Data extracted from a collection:
***

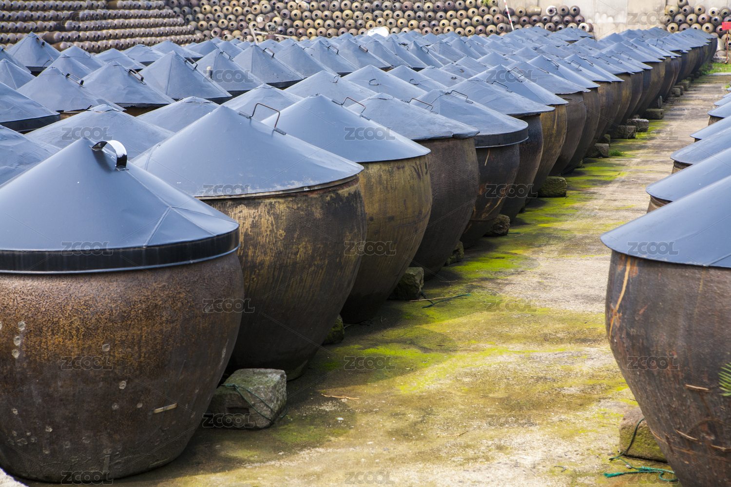 浙江省紹興市安昌古鎮(zhèn)的醬油廠晾曬醬油的醬缸
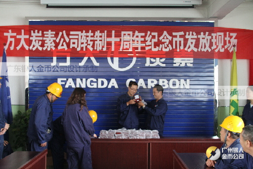 9月27日,紀念幣如約運送到了公司,采購部立即組織黨群工作部、人力資源部相關人員隨機將銀幣樣品送到公司檢測中心進行測試。經檢測,此紀念幣符合國家有色金屬及電子材料測試中心分析檢測報告。人力資源部立即組織人員清點數量并進行發放。發放工作分三個地點同時進行,各單位領導親臨現場向每位員工進行發放,員工們個個臉上洋溢著幸福的微笑,流露出了方大人的自豪感。
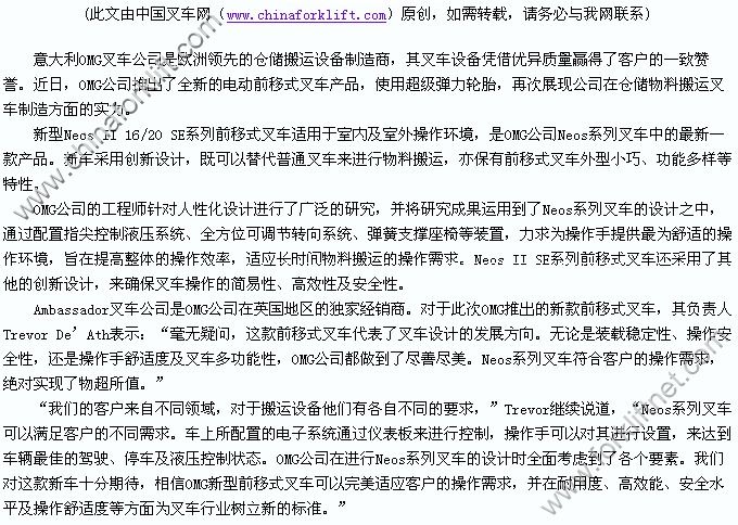 中叉网(www.chinaforklift.com)尊重合法版权,反对侵权盗版。(凡是我网所转载之文章,文中所有文字内容和图片视频之知识产权均系原作者和机构所有。文章内容观点,与本网无关。如有需要删除,敬请来电商榷!)
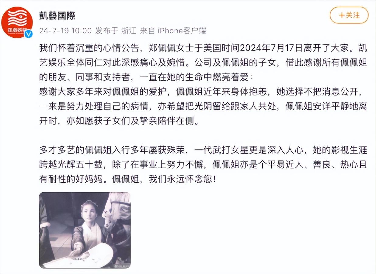 郑佩佩经纪公司也发文称,郑佩佩女士于美国时间2024年7月17日离开了大家。
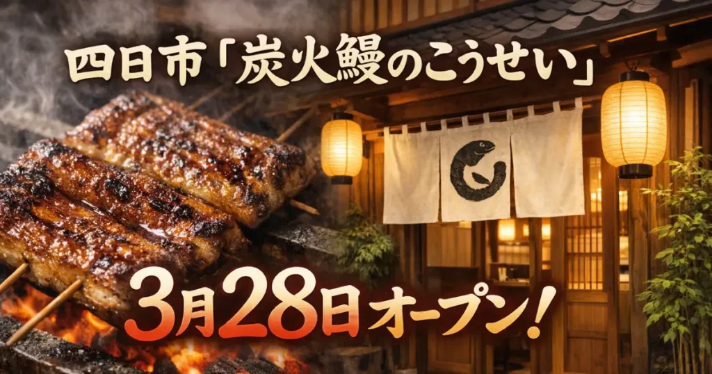 四日市別名に『炭火鰻のこうせい』が2026年3月28日オープンすることがわかりました! 場所は、『コーヒーハウスK&K お弁当まこと屋』の跡地。 『炭火鰻のこうせい』... グルメ
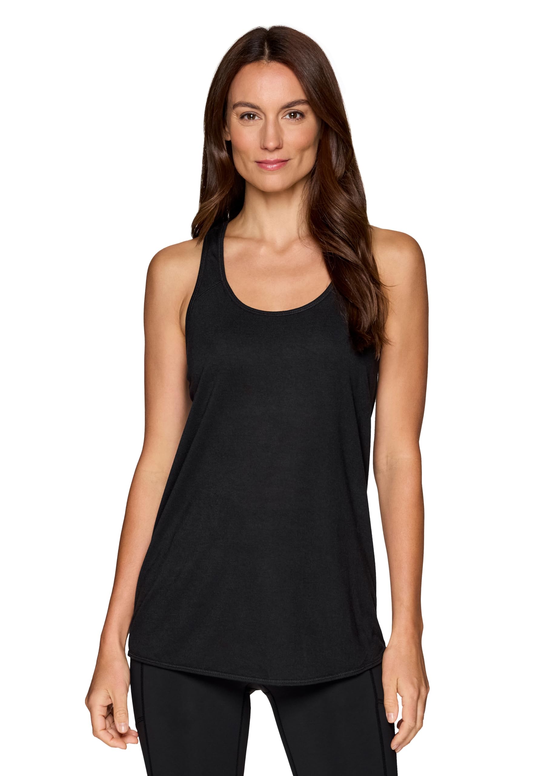 RBX Active Women's Flowy Yoga Workout Super Soft Twist Back Tank Top Tunic Black S21 S
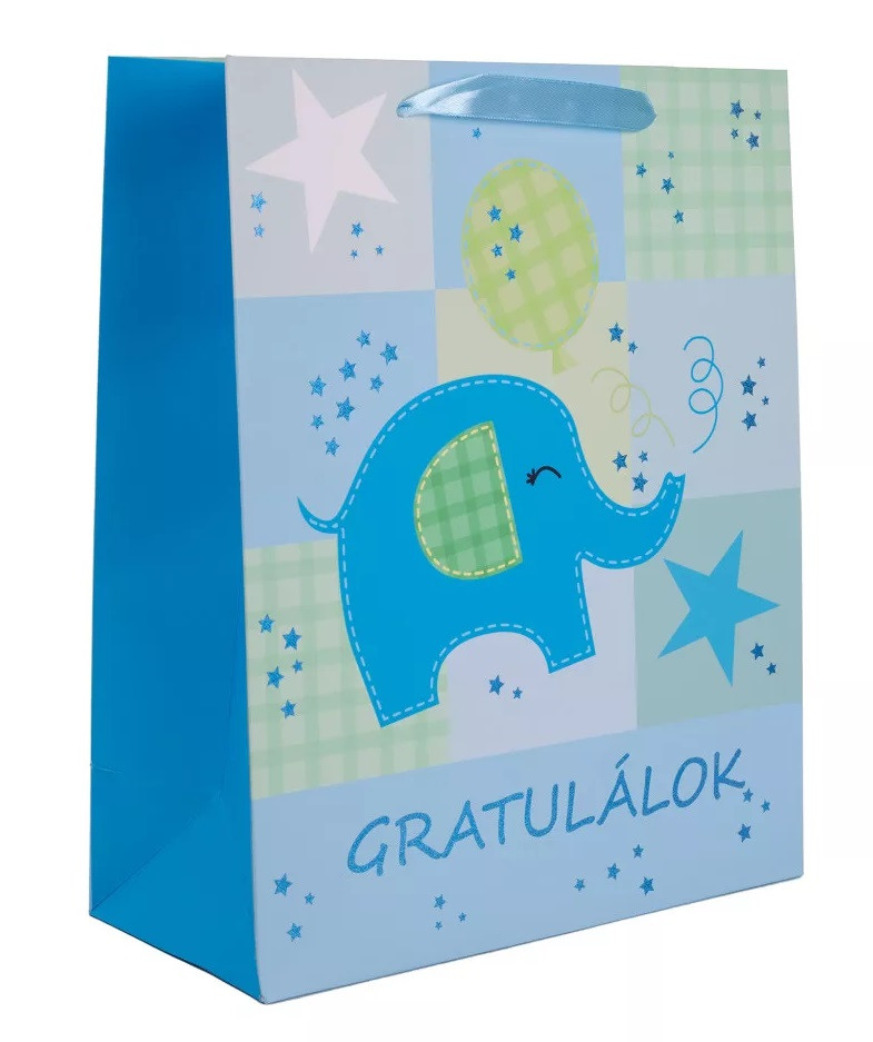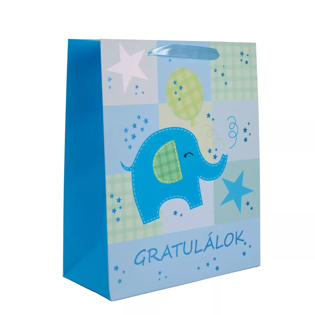 Ajándéktasak Gratulálk felirat, kék elefánt 26x32 cm
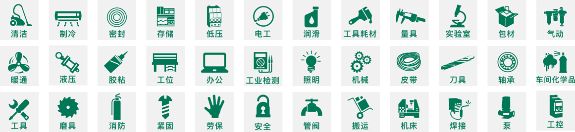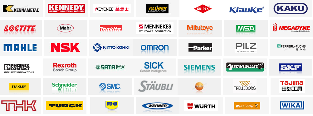 | 胶黏剂/防锈剂/润滑剂 | 3M、LOCTITE乐泰、ARALDITE爱牢达、TIPTOP蒂普拓普、PATTEX百得、HENKEL汉高、LORD洛德、 SAINT-GOBAIN圣戈班、DOWCORNING道康宁、KUNLUN昆仑、MOLYKOTE摩力克、QUICK快克、MOBIL美孚、 SHELL壳牌、 GREATWALL长城、CASTROL嘉实多、FUCHS福斯、SKF斯凯孚、KLUBER克鲁勃、TOTAL道达尔、 DUSSO杜索、BLASER巴索、KYODOYUSHI协同、NCH安治化工、QUAKER奎克、LEYBOLD莱宝、WD-40 |

***

Pictures stay out. Transcribe the lines from the start of the entries above through the line with "中叉网(www.chinaf", exactly.

 浙江省紹興市安昌古鎮(zhèn)的醬油廠晾曬醬油的醬缸
 9月27日,紀念幣如約運送到了公司,采購部立即組織黨群工作部、人力資源部相關人員隨機將銀幣樣品送到公司檢測中心進行測試。經檢測,此紀念幣符合國家有色金屬及電子材料測試中心分析檢測報告。人力資源部立即組織人員清點數量并進行發放。發放工作分三個地點同時進行,各單位領導親臨現場向每位員工進行發放,員工們個個臉上洋溢著幸福的微笑,流露出了方大人的自豪感。
 中叉网(www.chinaforklift.com)尊重合法版权,反对侵权盗版。(凡是我网所转载之文章,文中所有文字内容和图片视频之知识产权均系原作者和机构所有。文章内容观点,与本网无关。如有需要删除,敬请来电商榷!)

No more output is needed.